As Cameron and Ruben Wolfe walk home from school one day, a rough bloke awaits them at their gate. "Can we talk inside?" he asks.

"Well, for starters," Rube answers, "who the hell are y'?"

"Oh, I'm sorry," says the stranger. "I'm a guy who can either change your life or smack it into the ground for bein' smart."

The brothers decide to listen. They keep listening, and soon they're embroiled in a ruthless underground world of sleazy amateur boxing, 50 bucks for a win, a decent tip for a loss. The intensity of this kind of fighting goes beyond the obvious violence and danger, though, as Cameron wonders whether he even wants to come out from his brother's shadow and both boys seek an identity beyond that of their painfully harsh working class family's.

Markus Zusak pens a surprisingly complex and touching story that will linger long with readers. The language is hard-hitting, witty, and authentic--as are the emotions and action.
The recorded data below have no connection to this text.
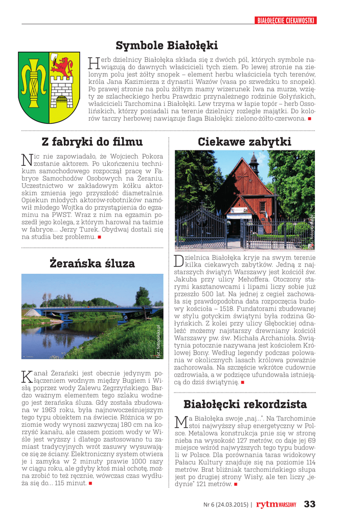 białołęckie ciekawostki H Symbole Białołęki erb dzielnicy Białołęka składa się z dwóch pól, których symbole nawiązują do dawnych właścicieli tych ziem. Po lewej stronie na zielonym polu jest żółty snopek – element herbu właściciela tych terenów, króla Jana Kazimierza z dynastii Wazów (vasa po szwedzku to snopek). Po prawej stronie na polu żółtym mamy wizerunek lwa na murze, wzięty ze szlacheckiego herbu Prawdzic przynależnego rodzinie Gołyńskich, właścicieli Tarchomina i Białołęki. Lew trzyma w łapie topór – herb Ossolińskich, którzy posiadali na terenie dzielnicy rozległe majątki. Do kolorów tarczy herbowej nawiązuje flaga Białołęki: zielono-żółto-czerwona. n N Z fabryki do filmu Ciekawe zabytki D Fot.: fotopolska.pl Żerańska śluza K Fot.: fotopolska.pl ic nie zapowiadało, że Wojciech Pokora zostanie aktorem. Po ukończeniu technikum samochodowego rozpoczął pracę w Fabryce Samochodów Osobowych na Żeraniu. Uczestnictwo w zakładowym kółku aktorskim zmienia jego przyszłość diametralnie. Opiekun młodych aktorów-robotników namówił młodego Wojtka do przystąpienia do egzaminu na PWST. Wraz z nim na egzamin poszedł jego kolega, z którym harował na taśmie w fabryce… Jerzy Turek. Obydwaj dostali się na studia bez problemu. n anał Żerański jest obecnie jedynym połączeniem wodnym między Bugiem i Wisłą poprzez wody Zalewu Zegrzyńskiego. Bardzo ważnym elementem tego szlaku wodnego jest żerańska śluza. Gdy została zbudowana w 1963 roku, była najnowocześniejszym tego typu obiektem na świecie. Różnica w poziomie wody wynosi zazwyczaj 180 cm na korzyść kanału, ale czasem poziom wody w Wiśle jest wyższy i dlatego zastosowano tu zamiast tradycyjnych wrót zasuwy wysuwające się ze ściany. Elektroniczny system otwiera je i zamyka w 2 minuty prawie 1000 razy w ciągu roku, ale gdyby ktoś miał ochotę, można zrobić to też ręcznie, wówczas czas wydłuża się do… 115 minut. n zielnica Białołęka kryje na swym terenie kilka ciekawych zabytków. Jedną z najstarszych świątyń Warszawy jest kościół św. Jakuba przy ulicy Mehoffera. Otoczony starymi kasztanowcami i lipami liczy sobie już przeszło 500 lat. Na jednej z cegieł zachowała się prawdopodobna data rozpoczęcia budowy kościoła – 1518. Fundatorami zbudowanej w stylu gotyckim świątyni była rodzina Gołyńskich. Z kolei przy ulicy Głębockiej odnaleźć możemy najstarszy drewniany kościół Warszawy pw. św. Michała Archanioła. Świątynia potocznie nazywana jest kościołem Królowej Bony. Według legendy podczas polowania w okolicznych lasach królowa poważnie zachorowała. Na szczęście wkrótce cudownie ozdrowiała, a w podzięce ufundowała istniejącą do dziś świątynię. n Białołęcki rekordzista M a Białołęka swoje „naj…”. Na Tarchominie stoi najwyższy słup energetyczny w Polsce. Metalowa konstrukcja pnie się w stronę nieba na wysokość 127 metrów, co daje jej 69 miejsce wśród najwyższych tego typu budowli w Polsce. Dla porównania taras widokowy Pałacu Kultury znajduje się na poziomie 114 metrów. Brat bliźniak tarchomińskiego słupa jest po drugiej strony Wisły, ale ten liczy „jedynie” 121 metrów. n Nr 6 (24.03.2015) | rytmWarszawy 33
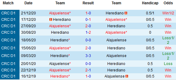 + Soi tỷ lệ kèo châu Á: Thành tích đối đầu gần đây đang nghiêng hẳn về phía Alajuelense khi họ toàn thắng cả 4 trận gần nhất. Đây là thời điểm mà Herediano đã sa sút quá nhiều với 6 trận gần đây toàn thua kèo châu Á.
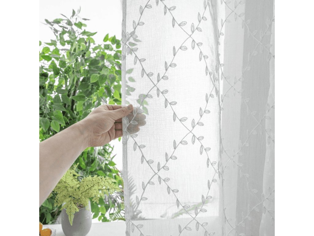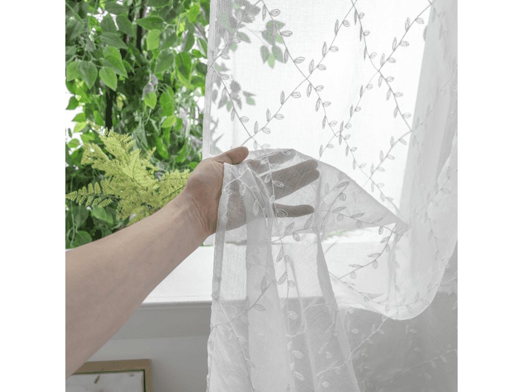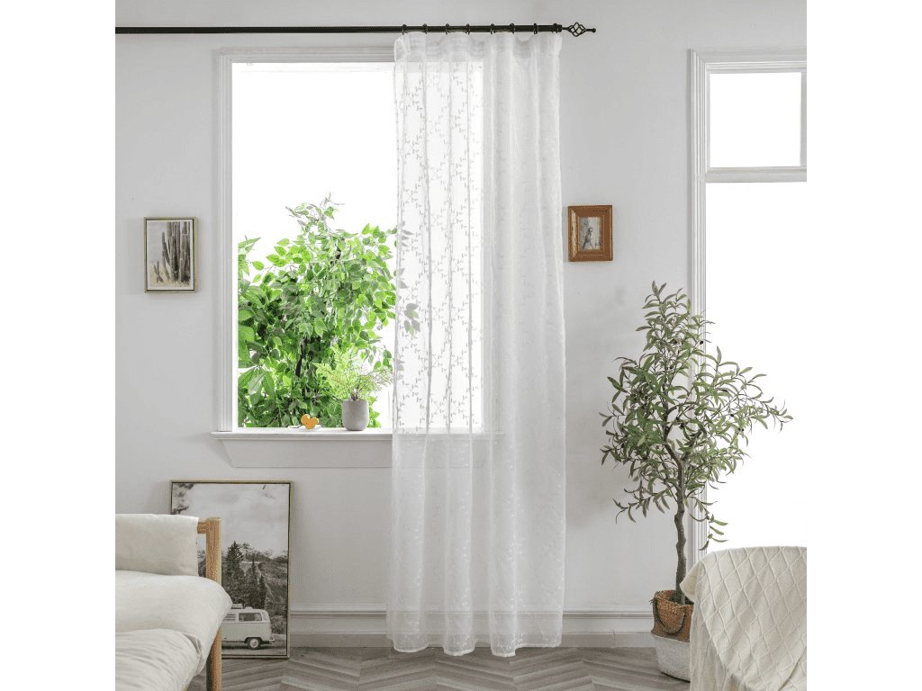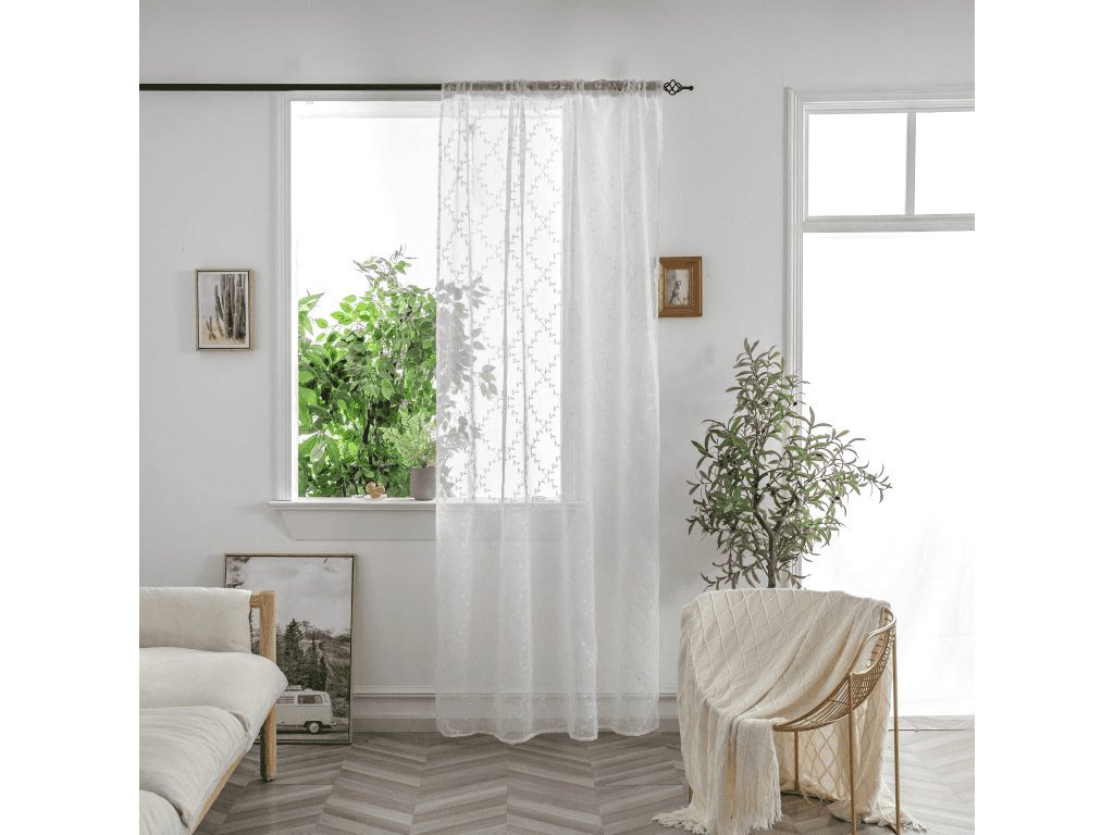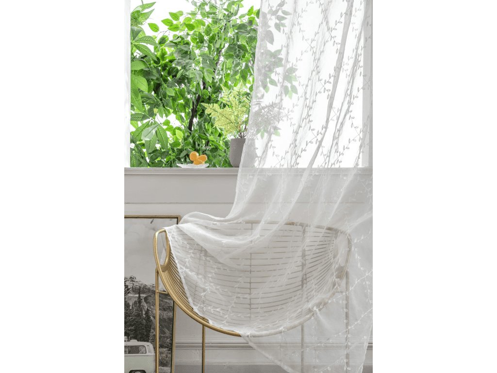 Bílý závěs VINTORA se vzorem lístků 140x250 cm
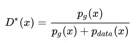 为了保证 V(D,G) 取得最大值,所以我们通常会训练迭代k次判别器,然后再迭代1次生成器(不过在实践当中发现,k 通常取 1 即可)。当生成器 G 固定时,我们可以对 V(D,G) 求导,求出最优判别器 D*(x):

Fighting Ruben Wolfe is not about boxing. It's about respect, stubborn pride, and real brotherly love. (Ages 12 and older) --Emilie Coulter

(retrieved from Amazon Thu, 12 Mar 2015 18:14:17 -0400)

(see all 2 descriptions)

Partly because of their family's poor finances and partly to prove themselves, brothers Ruben and Cameron take jobs as fighters and find themselves reacting very differently in the boxing ring.